Exercise details | Copy everything in the data below exactly except the pictures.
═══ Given information
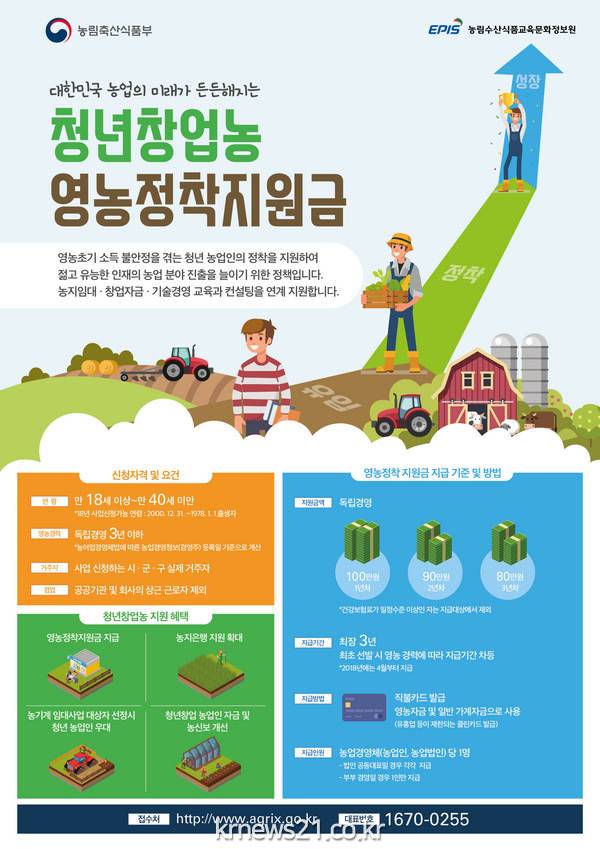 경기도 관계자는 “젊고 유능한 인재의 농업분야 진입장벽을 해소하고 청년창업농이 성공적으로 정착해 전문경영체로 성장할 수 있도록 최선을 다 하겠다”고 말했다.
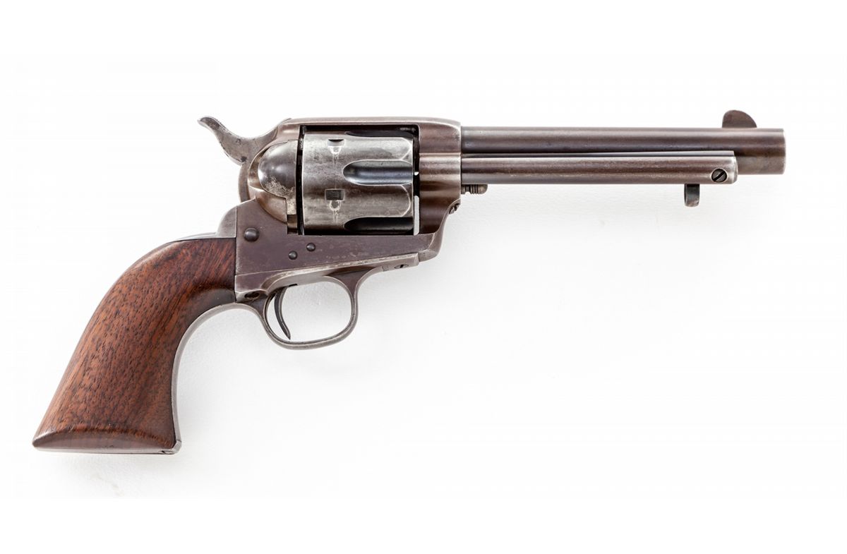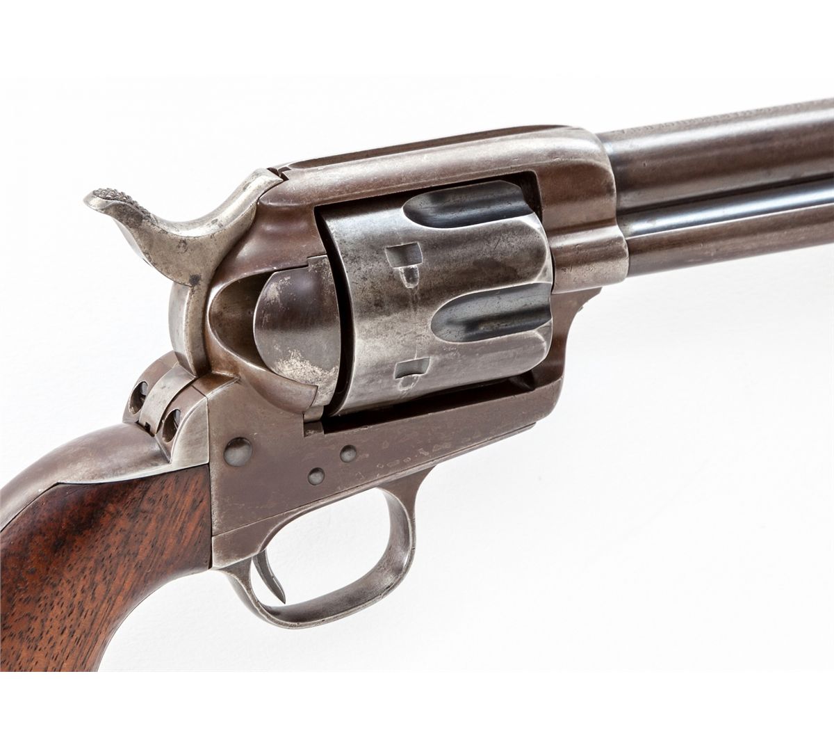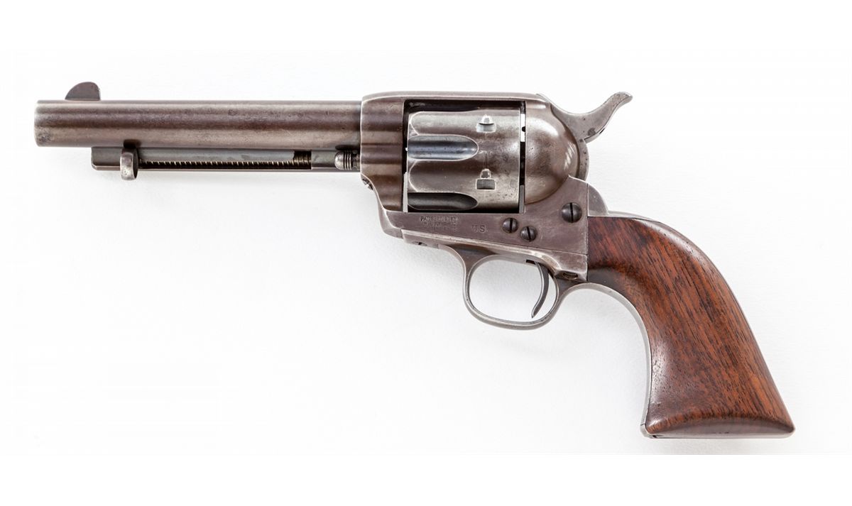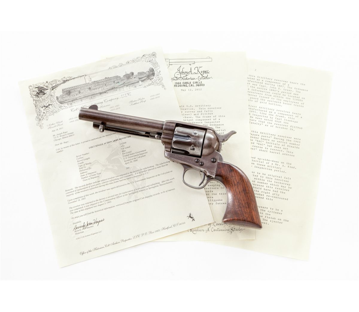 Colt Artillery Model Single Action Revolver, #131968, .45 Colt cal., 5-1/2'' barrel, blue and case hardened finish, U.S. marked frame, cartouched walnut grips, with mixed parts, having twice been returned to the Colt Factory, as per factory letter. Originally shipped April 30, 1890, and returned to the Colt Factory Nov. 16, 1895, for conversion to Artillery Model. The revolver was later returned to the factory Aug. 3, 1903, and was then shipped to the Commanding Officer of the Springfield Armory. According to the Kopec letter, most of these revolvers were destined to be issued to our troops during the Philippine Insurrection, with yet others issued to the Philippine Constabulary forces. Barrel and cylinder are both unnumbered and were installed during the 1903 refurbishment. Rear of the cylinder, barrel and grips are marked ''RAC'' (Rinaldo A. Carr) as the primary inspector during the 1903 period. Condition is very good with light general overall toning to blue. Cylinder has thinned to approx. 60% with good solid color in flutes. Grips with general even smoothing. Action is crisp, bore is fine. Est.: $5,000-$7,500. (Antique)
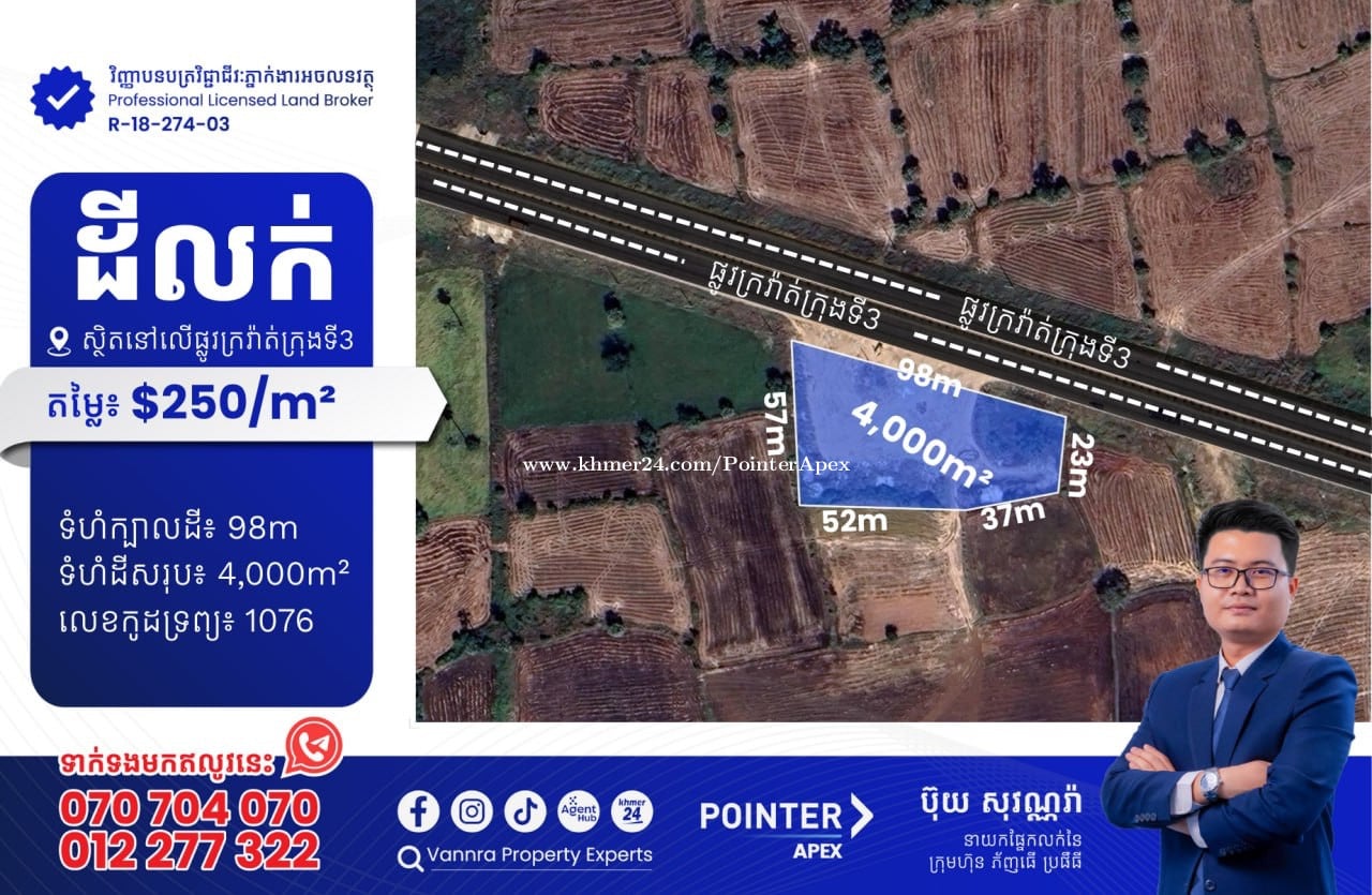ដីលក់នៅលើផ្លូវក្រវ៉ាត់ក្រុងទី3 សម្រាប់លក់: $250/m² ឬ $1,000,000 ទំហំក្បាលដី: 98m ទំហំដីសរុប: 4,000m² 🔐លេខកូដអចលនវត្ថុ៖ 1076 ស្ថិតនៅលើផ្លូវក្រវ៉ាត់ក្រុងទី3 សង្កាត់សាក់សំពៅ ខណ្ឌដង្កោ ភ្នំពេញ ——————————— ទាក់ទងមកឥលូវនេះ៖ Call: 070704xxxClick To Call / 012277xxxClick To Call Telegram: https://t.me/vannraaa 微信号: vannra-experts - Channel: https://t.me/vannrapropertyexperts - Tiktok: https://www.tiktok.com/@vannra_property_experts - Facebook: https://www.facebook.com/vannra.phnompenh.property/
══════
Your response |
 경기도 관계자는 “젊고 유능한 인재의 농업분야 진입장벽을 해소하고 청년창업농이 성공적으로 정착해 전문경영체로 성장할 수 있도록 최선을 다 하겠다”고 말했다.
 Colt Artillery Model Single Action Revolver, #131968, .45 Colt cal., 5-1/2'' barrel, blue and case hardened finish, U.S. marked frame, cartouched walnut grips, with mixed parts, having twice been returned to the Colt Factory, as per factory letter. Originally shipped April 30, 1890, and returned to the Colt Factory Nov. 16, 1895, for conversion to Artillery Model. The revolver was later returned to the factory Aug. 3, 1903, and was then shipped to the Commanding Officer of the Springfield Armory. According to the Kopec letter, most of these revolvers were destined to be issued to our troops during the Philippine Insurrection, with yet others issued to the Philippine Constabulary forces. Barrel and cylinder are both unnumbered and were installed during the 1903 refurbishment. Rear of the cylinder, barrel and grips are marked ''RAC'' (Rinaldo A. Carr) as the primary inspector during the 1903 period. Condition is very good with light general overall toning to blue. Cylinder has thinned to approx. 60% with good solid color in flutes. Grips with general even smoothing. Action is crisp, bore is fine. Est.: $5,000-$7,500. (Antique)
ដីលក់នៅលើផ្លូវក្រវ៉ាត់ក្រុងទី3 សម្រាប់លក់: $250/m² ឬ $1,000,000 ទំហំក្បាលដី: 98m ទំហំដីសរុប: 4,000m² 🔐លេខកូដអចលនវត្ថុ៖ 1076 ស្ថិតនៅលើផ្លូវក្រវ៉ាត់ក្រុងទី3 សង្កាត់សាក់សំពៅ ខណ្ឌដង្កោ ភ្នំពេញ ——————————— ទាក់ទងមកឥលូវនេះ៖ Call: 070704xxxClick To Call / 012277xxxClick To Call Telegram: https://t.me/vannraaa 微信号: vannra-experts - Channel: https://t.me/vannrapropertyexperts - Tiktok: https://www.tiktok.com/@vannra_property_experts - Facebook: https://www.facebook.com/vannra.phnompenh.property/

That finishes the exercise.